We stepped off the plane, went through immigration and customs with no problems… Though the officer was confused by the “TBD” I had written under “Location staying in London” on the landing card… A step outside of baggage claim an old woman at a Duty Free shop was providing free samples of Pimm’s Liquor with lemonade… Imagine that! Not only are we not carded, but old polite ladies are happily urging seconds on free samples and offering serving suggestions. Despite the issues so far, we fell in love with Europe at this moment.

We left the airport and wandered around confused for a few moments when an employee came over and offered us some help. We told him we were trying to get to Central London, and he asked if we wanted to fly there, or take a bus. After a moment of confusion, he told us the best way to get there was the Tube, the London Underground and assured us it was still safe. I told him that I trusted him and he replied “Well if you trust me you’ve got some fuckin’ problems!”

The few people we’d encountered in London so far were really friendly, helpful and funny; things were looking great.

We headed to the Tube with our huge backpacks on, definitely standing out in the crowd, and got in-line to purchase tickets. We saw a woman at a booth who made free hostel reservations, and quickly learned that due to the Wimbledon and Tour de France, nothing in London was available…nothing. The only thing available for 2 nights was something outside of London for 125 Pounds a night (A hostel, keep in mind…) and we could only put 2 of our 4 people in a room.

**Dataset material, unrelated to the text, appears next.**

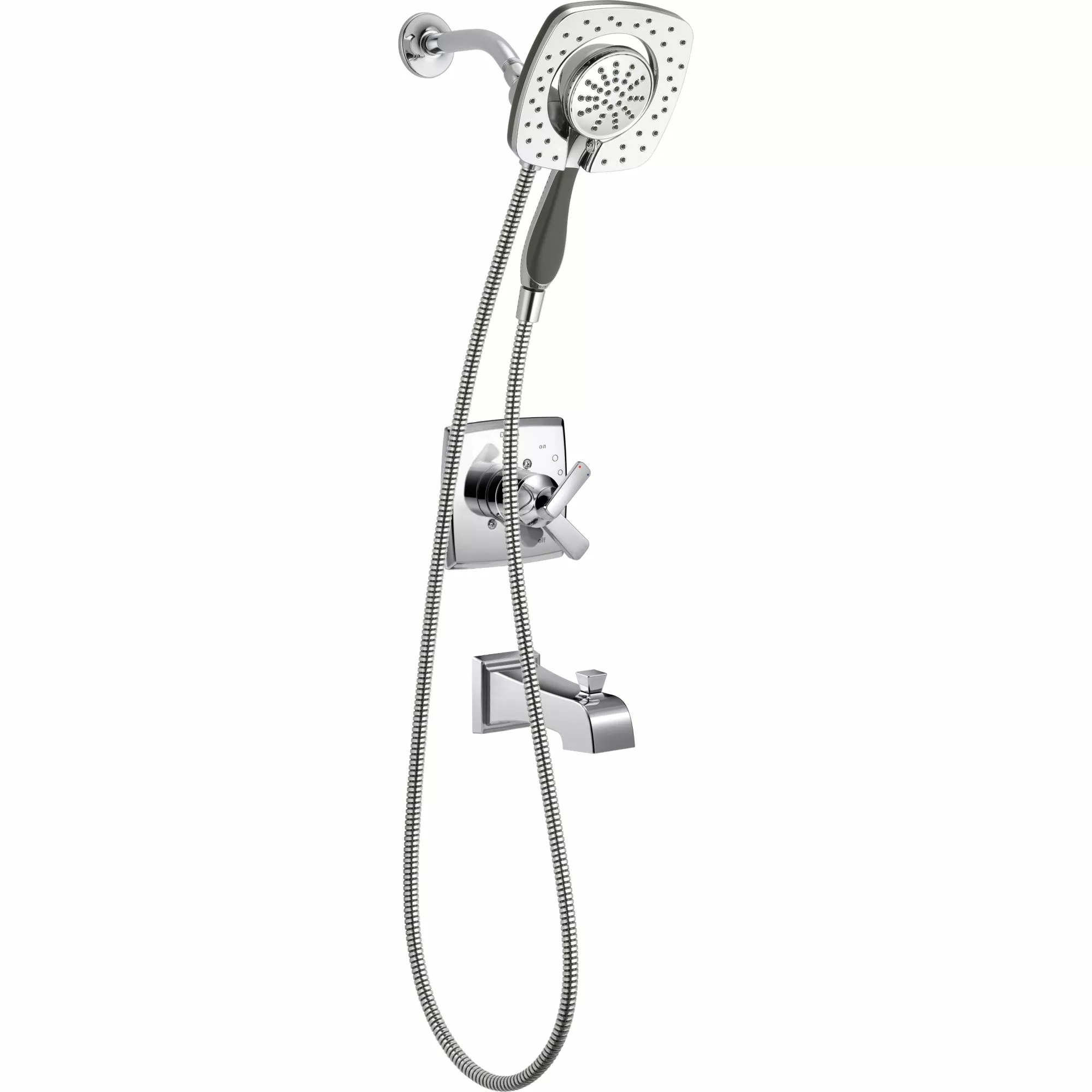 - Diverter lever sets In2ition Three-in-One Shower to one of three options: shower head and hand shower, shower head only and hand shower only

We decided we had to get out of London ASAP. So, we’ll just speed up our journey to Paris, perhaps? Take the train tonight instead. “Oh, my sister had to book a train to Paris 3 weeks in advance,” the woman behind the booth replied.

This woman was clearly no good for us, so we took the Tube to Central London, wandered around trying to find food for about an hour (these backpacks really are huge…) and finally find a nice little pub with a sign outside that read “THOSE WEARING SOILED OR DIRTY CLOTHES ARE NOT WELCOME INSIDE.”

Luckily, we weren’t too soiled just yet, and had a nice fish & chips meal for just about $80… This price was for just 2 orders of Fish & Chips and a pitcher of Pimm’s (That old woman got us!). The prices in London are truly absurd… If we stayed here we’d be done in a few days.

So, we made our way here… To this wonderful little US Embassy, Starbucks.

From Starbucks, we’ve found that we can take a train to Paris tonight, and we have a hostel booked for $25 a night. The difficult part will be staying up from 12am until check-in at 1pm… But I’m sure Mike & I can handle it, polyphasic training has its benefits. :)

Anyway, we’ll get our train tickets, wander London awhile and then get onto Paris! The adventure has begun in full force.